Often, the team begins problem solving by brainstorming an exhaustive list of possible factors to consider. Then, the team must decide which ones to pursue first. The probability of the team selecting even one factor correctly the first time, let alone all of them, is quite low. Typically, they pursue a first set of factors, discover they are non-critical, and try again.
通常,项目团队通过头脑风暴,列出一长串可能的原因(因子)。然后,他们必须决定哪些因子作为第一批进行验证。可是第一次选择因子的正确性是很低的。通常情况下,他们验证完第一批因子后发现不是关键因子,又得从下面的因子中选择一批进行验证。如果再不行,再继续。
Eventually, the team discovers a critical factor. Then, they must decide whether to keep searching for other root causes, or to stop work on this problem, declare victory and go on to another problem. The irony in this approach is that while the foundation of Six Sigma is data-based decision making, project teams may make their initial decision – which factors to pursue first – without the benefit of data.
最后,他们找到了一个关键因子。这时他们需要做一个决定,是继续寻找其他的关键因子,还是结束这个问题,宣布胜利。具有讽刺意义的是,六西格玛的决策是基于数据基础的,他们的这个决定并没有有效的数据支持。
An analogy using plain and peanut M&M’s might be helpful. Peanut M&M’s represent the critical factors, while plain M&M’s are the non-critical factors. When a team approaches a new problem, it is like having just one, two or three peanut M&M’s hiding in a candy dish full of plain M&M’s. Brainstorming possible root causes and choosing from the list is like blindly sampling the candies with a spoon. It usually takes several spoonfuls to find one peanut candy, and many more spoonfuls to find them all.
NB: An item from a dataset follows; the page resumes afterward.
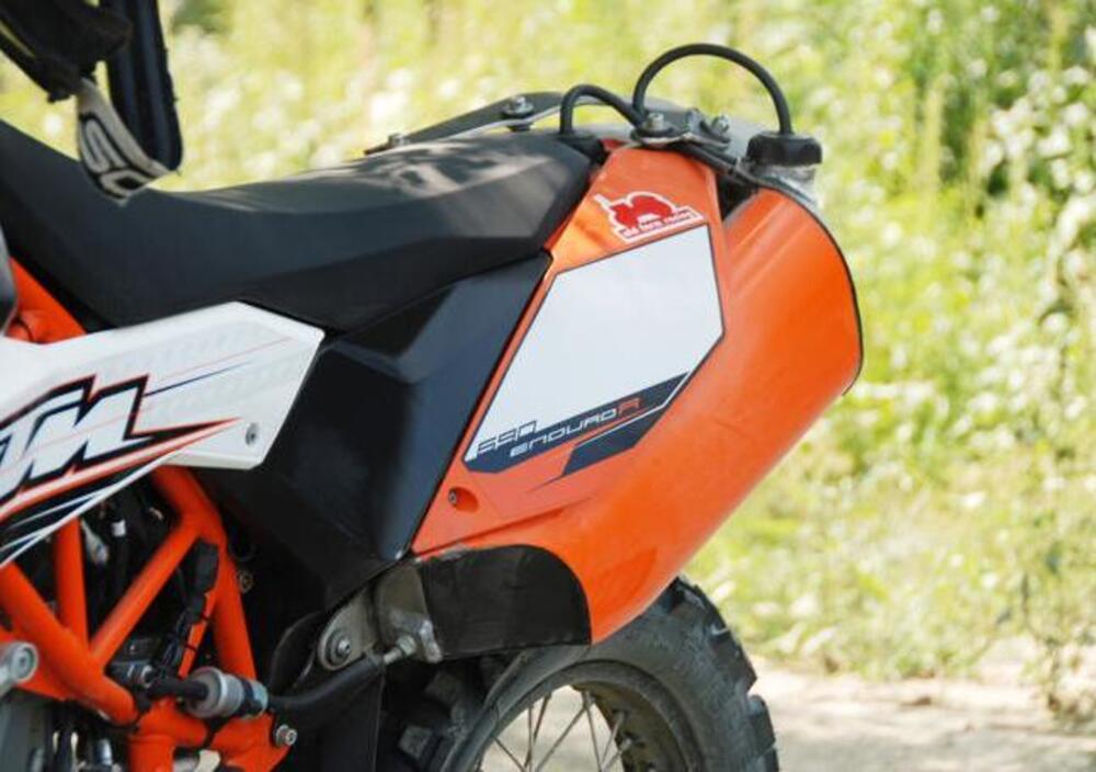 Ho acquistato il modello enduro KTM 690R che con il lavoro degli amici meccanici dell’officina Only Bike di Milano è stato notevolmente trasformato per la gara. E’ stato sostituito il tubo di scarico facendolo passare sotto al motore e utilizzando un silenziatore di più piccole dimensioni, mentre al posto del precedente silenziatore è stato ricavato un serbatoio supplementare di cica 8 litri che non ingombra assolutamente; è stato lasciato il sistema di iniezione con altre mappature che permette un consumo estremamente ridotto di carburante con minor peso. La forcella è stata sostituita con quella del 530 con piastre regolabili ricavate dal pieno e con l’ammortizzatore di sterzo. Anche l’ammortizzatore posteriore è stato allungato per avere maggiore escursione. Per quanto riguarda il raffreddamento il radiatore acqua ha maggiore capienza ed è stato aggiunto un radiatore per l’olio. Una piccola carenatura protegge la strumentazione ed è stato costruito un robusto sottocoppa con i serbatoi per l’acqua e il porta attrezzi. Quanto sopra con varie altre modifiche di dettaglio, ha consentito di contenere il peso totale in ordine di marcia comprensivo di tutti i liquidi in meno di 180 kg (secondo me un risultato davvero notevole) e di avere una moto maneggevole e piacevole da guidare.

为了更好的说明,我们使用M&M 的花生巧克力举个例子。花生巧克力代表关键因子,普通巧克力代表非关键因子。项目成员需要解决这样一个问题,从装满了普通巧克力的盘子里找出一个,两个或三个花生巧克力。而头脑风暴的结果是这样子的,他们使用一个勺子盲目的从盘子里勺出一些巧克力来寻找花生口味的。通常情况下需要勺几勺才能找到一个,剩下的需要更多勺来寻找。
Introducing the Screening Tools
In the ideal situation, the team would immediately know which factors are critical and which are not, so they could ignore all the non-critical factors and simply pursue the critical ones.
引入筛选工具
理想情况下,项目成员能立即知道哪些是关键因子,哪些不是。所以他们能忽略掉所有其他的非关键因子,只是简单地追踪关键因子。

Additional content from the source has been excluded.